Ethan’s jaw worked. “I recall what Celina did. And I appreciate the suggestion. But that’s not the focus I want for the House right now.”

“Sire,” Luc said, but his tone clearly said that he thought Ethan was making the wrong decision.

Ethan checked his watch. “We leave here at twenty after three. That gives us time to get to the rendezvous point on the island, do our own look-see before the op.”

“We’ll get the van,” my grandfather said, looking at Jeff. “Get things set up on our end. We’ll meet you there.”

Ethan nodded.

“I’ll keep working on the manuscript,” Mallory said. She glanced up at the clock, which ticked down ominously. “I don’t know if I’ll find anything in a couple of hours, but I’ll try.”

“I’ll help you,” I told her. “We don’t have much time, but maybe our luck will hold.”

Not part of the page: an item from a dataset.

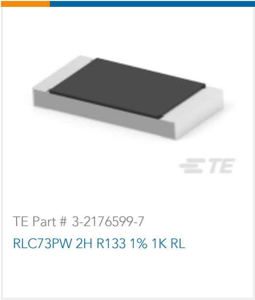
TE Part # 3-2176599-7 RLC73PW 2H R133 1% 1K RL

“Do the best you can in the time you’ve got,” Ethan said. “I want everyone wired and downstairs, ready to go by then.” He looked at Luc. “You’ll handle the details.”

“Always,” Luc said.

Ethan rose. “In that case, I think we’re done for now.” He began to move toward the door, but turned back. “Relations with humans have improved, undeniably. But they still don’t see us as subject-matter experts on supernaturals. We will hope that is neither their downfall, nor ours. But we should be careful and vigilant. We must be on our toes, and we must take care of each other. Our lives depend on it.”

• • •

Portnoy the Ugly could have easily been called Portnoy the Inarticulate. Portnoy the Obfuscating.

“Portnoy the Jerkface,” Mallory muttered, flipping another page in the manuscript. Since we had only one copy of the document, she sat on my right, reviewing the manuscript’s right-hand pages as I reviewed those on the left.

With a groan, she rose from the chair, stretched arms and neck. We hadn’t gotten any further in the hour we’d been squinting at the pages, trying to find something that related back to the Egregore, explained how it might be used—or how it might be used against us. We’d found charms, potions, a few recipes (for “Gud Bredde,” among others), ramblings against kings, descriptions of plants and animals. And nothing else about the Egregore.

Mallory lay down in the middle of the floor, arms and legs spread. “I’m giving up.”

“You aren’t giving up. You’re just taking a break.”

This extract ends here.